Ordinal IRT model

Hi all,

I am running into trouble with convergence, with an ordinal IRT model (this thread is about the same model). I am trying to model public concern about climate change in different countries over time, based on survey data. The data looks like this:

country----question----option----resp. who picked option----total no. of respondents
Belgium—A--------------1----------345------------------------------1000
Belgium—A--------------2----------278------------------------------1000
etc.

So, for each country in each year, for each survey question in the data set, I know how many respondents picked each of the answer options. Questions could be on a scale from 1-4, or 1-10, or 1-2, or whatever. Each question is coded in such a way that lower responses mean greater concern about climate change. Data has 9000 rows and is based on 2.5 million responses (i.e., column 4 sums to 2.5 million).

The model consists of:

  • A random walk that describes the evolution of climate concern on each continent, plus a random walk for each country’s individual evolution. The country-year “ability” terms (alpha) that go into the IRT part are the sum of these two.
  • An ordered IRT model connecting abilities to respondents’ choices of answer options through an ordered logit model. It is similar to a 2PL IRT, with a difficulty (beta) and a discrimination (gamma) parameter.

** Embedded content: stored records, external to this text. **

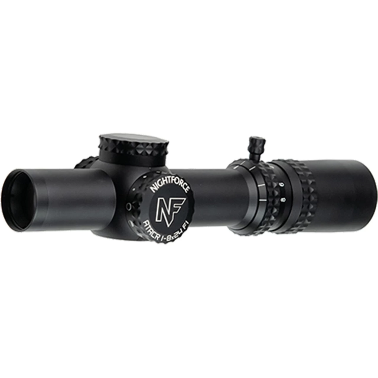 The ultimate in low-power, high-zoom ratio riflescopes, the Nightforce ATACR 1-8x24mm features pristine ED glass, low-profile adjustments and legendary bomb-proof reliability. It comes equipped with the FC-DMx reticle, the next step in evolution to the FC-DM reticle. This reticle has a thin, 4 MRAD segmented circle and has the daylight-bright illumination for use in any conditions. The open circle area allows for a clear, unobstructed view of the target, and the 0.2 MRAD center dot provides a precise aiming point. In addition, a 1 MRAD resolution aiming grid allows for simultaneous of elevation and wind with 10 MRAD of elevation.
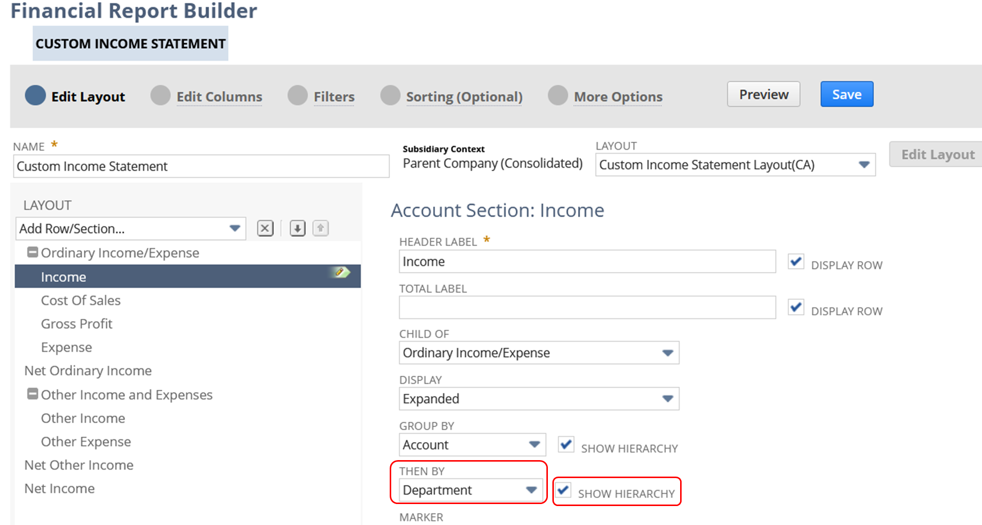 Users can customize Income Statement report to have a subtotal per department group, here’s how:
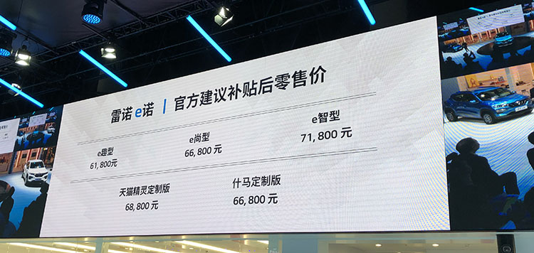 成都车展前夕,在上海车展就已经亮相的雷诺 e 诺正式上市,新车共发布 e 趣型/ e 尚型/ e 智型 3 个版型,售价分别为 6.18 / 6.68 / 7.18 万元。同时还有天猫精灵定制版,售价 6.88 万元;什马定制版,售价 6.68 万元。新车定位为小型 SUV,综合续航里程 271 km。

However, as the data is ordinal, the probability of picking an answer option is determined by comparing ability (alpha) to a set of thresholds.

I am pasting the full model below. Priors are (weakly) informative because earlier versions of this model only converged with such priors (see point 1. below for an example). With the data above, I don’t get any convergence at all–Rhats in the millions, effective sample sizes equal 2.002 for all parameters regardless of chain length. All chains look completely stuck in place. (happy to share specific outputs if it helps).

I have tried the following things:

  1. Binarizing the data by splitting each question’s scale in half. So now, all respondents who picked an option on the left side of the scale score 1, on the right hand side it’s 2. This works–the model converges.
  2. Binarizing all of the data except for two questions, for which I kept data about three answer options. No convergence.
  3. Fixing various parameters in the model instead of putting priors on them. I tried this for mu_beta, thres_scale (IRT parameters), lambda_epsilon, lambda_A and sigma_epsilon (parameters governing the variance in the ability terms). No convergence.
  4. Leaving out the continent random walk part. No convergence.
  5. Identifying the model by fixing the location and scale of the IRT parameters instead of the ability parameters (the model below is identified by fixing the standard deviation of the continent random walks to 1 and the mean of all random walks to 0). No convergence.
  6. Running the model on simulated data, where parameters are drawn from their priors. No convergence, even when I generate twice as much data as I actually have.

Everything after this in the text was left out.